Grandeur et décadence de César Birotteau, la "bêtise de la vertu"

Grandeur et décadence, croissance et décroissance, tels sont, selon le narrateur de César Birotteau, les principes de tout être et de toute organisation. Il n’est pas de programme narratif plus limpide. Le récit s’ouvre, en décembre 1819, au faîte de la gloire du personnage éponyme, parfumeur et adjoint au maire du deuxième arrondissement de Paris ; il se clôt sur son décès. Il ne faut pourtant pas faire fi des tribulations de ce Christ de boutique, martyrisé sur la croix. Cette décoration inspire au futur Chevalier de la Légion d’honneur les dépenses somptuaires d’un bal et lui donne un vertige d’ambition qui l’amène à risquer toute sa fortune. Ruiné par Sarah Gobseck, le notaire Roguin flaire en Birotteau une dupe potentielle. Le notaire déchu entraîne son « ami » dans sa débâcle : il s’entremet auprès de lui dans une affaire de spéculation immobilière, s’empare de toutes les économies du parfumeur qui ne lui avait pas demandé de reçu, et fuit à l’étranger.
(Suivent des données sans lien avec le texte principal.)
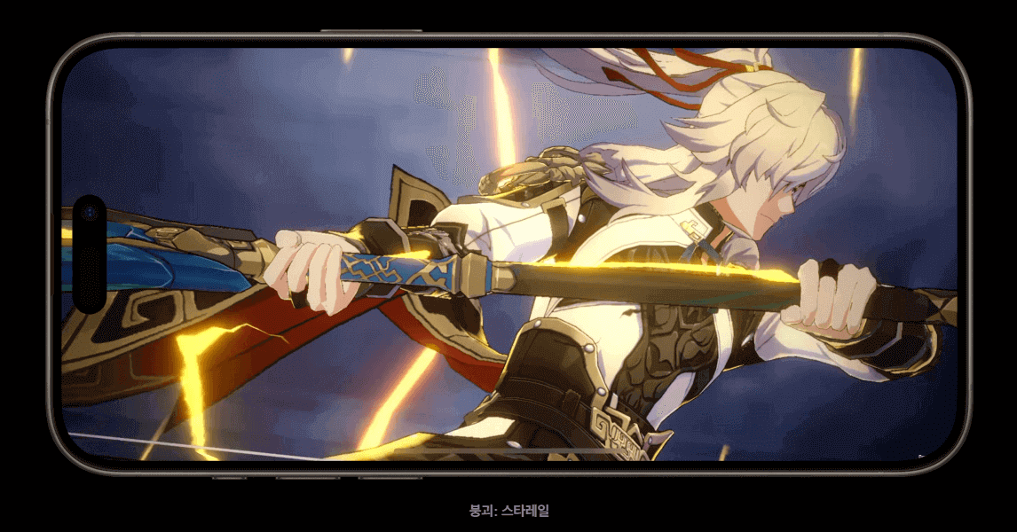 ● 역대 최고의 그래픽 성능을 갖춘 A17 Pro는 다른 어떤 아이폰 칩과도 비교할 수 없는 독보적인 칩입니다. 엄청나게 디테일한 배경과 살아 숨 쉬는 듯한 캐릭터로 모바일 게임을 즐길 때도 생생한 그래픽과 몰입감 넘치는 플레이 경험을 만끽할 수 있게 해 줍니다. 여기에 업계 최고 수준의 속도와 효율성까지 갖춘 A17 Pro, 무슨 일이든 쏜살같은 속도로 해치웁니다.

Du Tillet, ancien employé de César congédié pour vol, et maintenant admis dans les hautes sphères de la Banque, est l’instigateur caché de cette escroquerie. Mû par un désir de vengeance, il achève de perdre Birotteau en sapant son crédit auprès des banques avec l’aide desquelles le parfumeur aurait pu se tirer de ce mauvais pas. Cependant César, soutenu par le dévouement de son oncle Pillerault, de sa femme, de sa fille, de son commis Popinot qui, aidé du génial vendeur qu’est Gaudissart, commercialise son huile céphalique, aidé enfin par les six mille francs qu’offre Louis XVIII à ce vieux et fidèle royaliste, rembourse tous ses créanciers, est réhabilité en 1823 et reprend sa Légion d’honneur. Mais terrassé par tant d’émotion, il meurt au jour de son triomphe. Cependant la probité de Birotteau est également l’agent de sa mort anticipée : il s’est tué à rembourser tous ses créanciers alors que ce n’est pas l’usage. César Birotteau, c’est d’après Balzac la « bêtise de la vertu » (Faux départ de 1833, Pl., VI, 1120)

Source de cette notice : Balzac. La Comédie humaine. Edition critique en ligne.